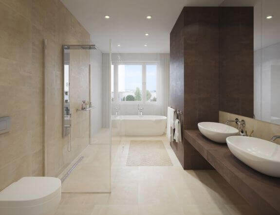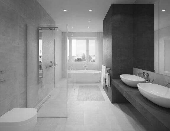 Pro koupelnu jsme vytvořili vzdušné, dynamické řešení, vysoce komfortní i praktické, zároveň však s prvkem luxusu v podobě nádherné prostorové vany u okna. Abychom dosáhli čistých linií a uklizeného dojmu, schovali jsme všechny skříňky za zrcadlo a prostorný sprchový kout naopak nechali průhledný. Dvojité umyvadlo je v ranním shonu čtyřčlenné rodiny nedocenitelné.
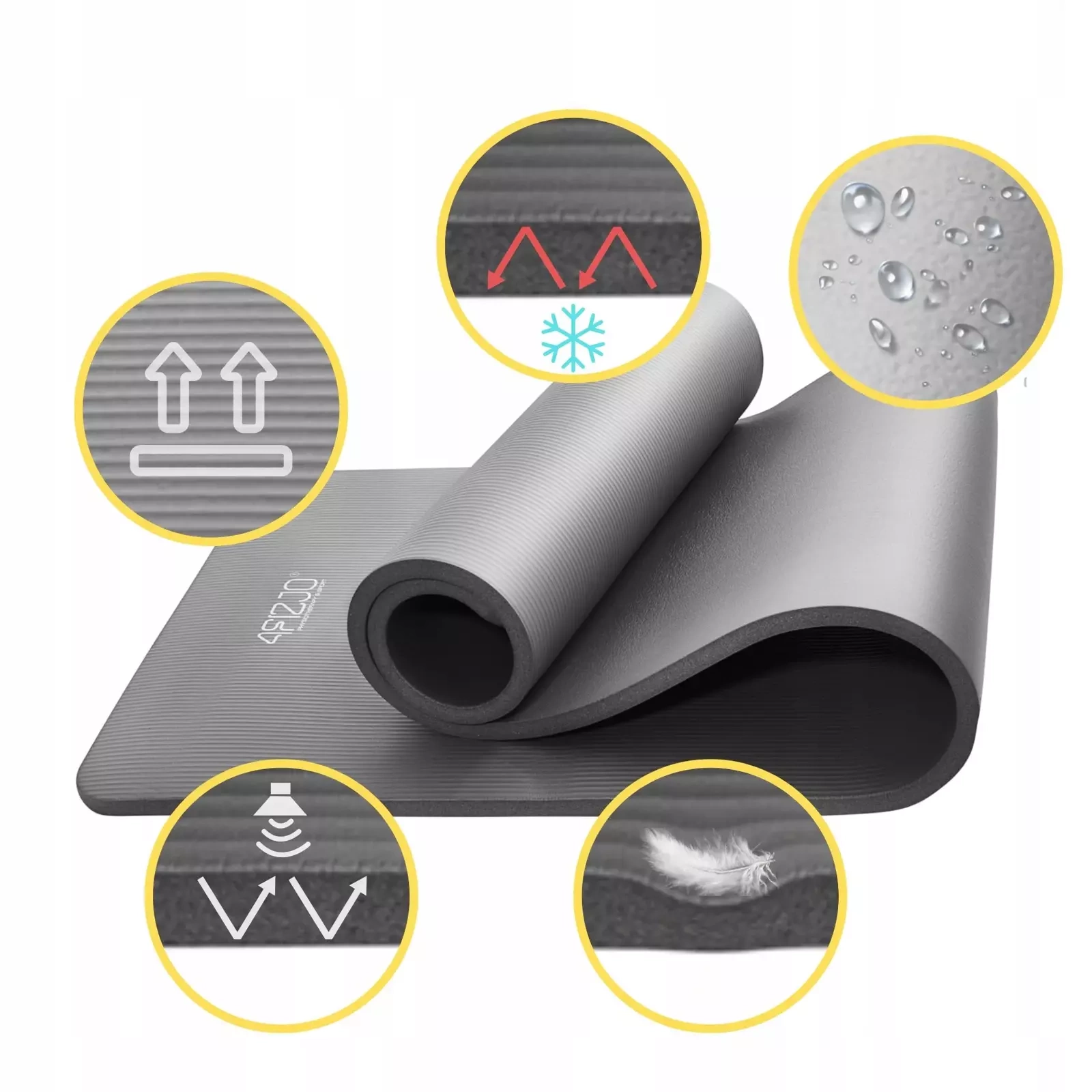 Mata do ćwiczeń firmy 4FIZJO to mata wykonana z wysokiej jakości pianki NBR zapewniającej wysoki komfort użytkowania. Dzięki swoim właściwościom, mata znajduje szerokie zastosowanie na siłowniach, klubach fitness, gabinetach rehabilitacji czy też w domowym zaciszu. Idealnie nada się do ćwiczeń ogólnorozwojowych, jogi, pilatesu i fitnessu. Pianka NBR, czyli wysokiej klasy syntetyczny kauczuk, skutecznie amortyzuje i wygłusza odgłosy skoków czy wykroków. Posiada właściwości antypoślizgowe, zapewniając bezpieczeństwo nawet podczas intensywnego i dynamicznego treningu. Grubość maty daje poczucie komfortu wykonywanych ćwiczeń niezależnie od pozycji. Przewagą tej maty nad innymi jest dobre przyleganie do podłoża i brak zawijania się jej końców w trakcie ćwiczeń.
______________________________
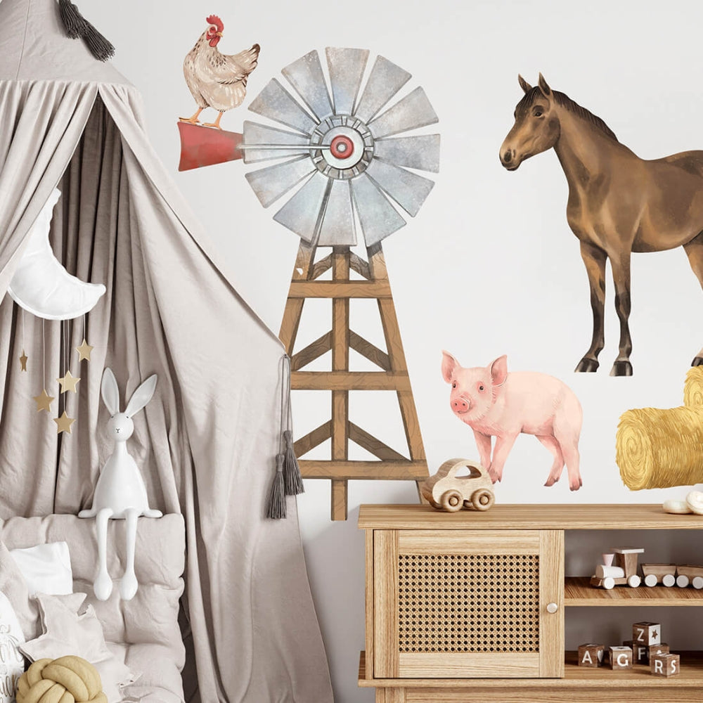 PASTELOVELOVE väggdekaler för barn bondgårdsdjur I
______________________________
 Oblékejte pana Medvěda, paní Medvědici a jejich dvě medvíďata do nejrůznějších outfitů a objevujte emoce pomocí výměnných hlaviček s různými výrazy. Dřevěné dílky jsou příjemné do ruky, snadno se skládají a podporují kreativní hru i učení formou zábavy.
______________________________
### Task item
Retype only the lines above from the one with "Pro koupelnu jsme" through the one with "Mata do ćwiczeń", exactly and with both ends. Images stay out.

### Output for this exercise
 Pro koupelnu jsme vytvořili vzdušné, dynamické řešení, vysoce komfortní i praktické, zároveň však s prvkem luxusu v podobě nádherné prostorové vany u okna. Abychom dosáhli čistých linií a uklizeného dojmu, schovali jsme všechny skříňky za zrcadlo a prostorný sprchový kout naopak nechali průhledný. Dvojité umyvadlo je v ranním shonu čtyřčlenné rodiny nedocenitelné.
 Mata do ćwiczeń firmy 4FIZJO to mata wykonana z wysokiej jakości pianki NBR zapewniającej wysoki komfort użytkowania. Dzięki swoim właściwościom, mata znajduje szerokie zastosowanie na siłowniach, klubach fitness, gabinetach rehabilitacji czy też w domowym zaciszu. Idealnie nada się do ćwiczeń ogólnorozwojowych, jogi, pilatesu i fitnessu. Pianka NBR, czyli wysokiej klasy syntetyczny kauczuk, skutecznie amortyzuje i wygłusza odgłosy skoków czy wykroków. Posiada właściwości antypoślizgowe, zapewniając bezpieczeństwo nawet podczas intensywnego i dynamicznego treningu. Grubość maty daje poczucie komfortu wykonywanych ćwiczeń niezależnie od pozycji. Przewagą tej maty nad innymi jest dobre przyleganie do podłoża i brak zawijania się jej końców w trakcie ćwiczeń.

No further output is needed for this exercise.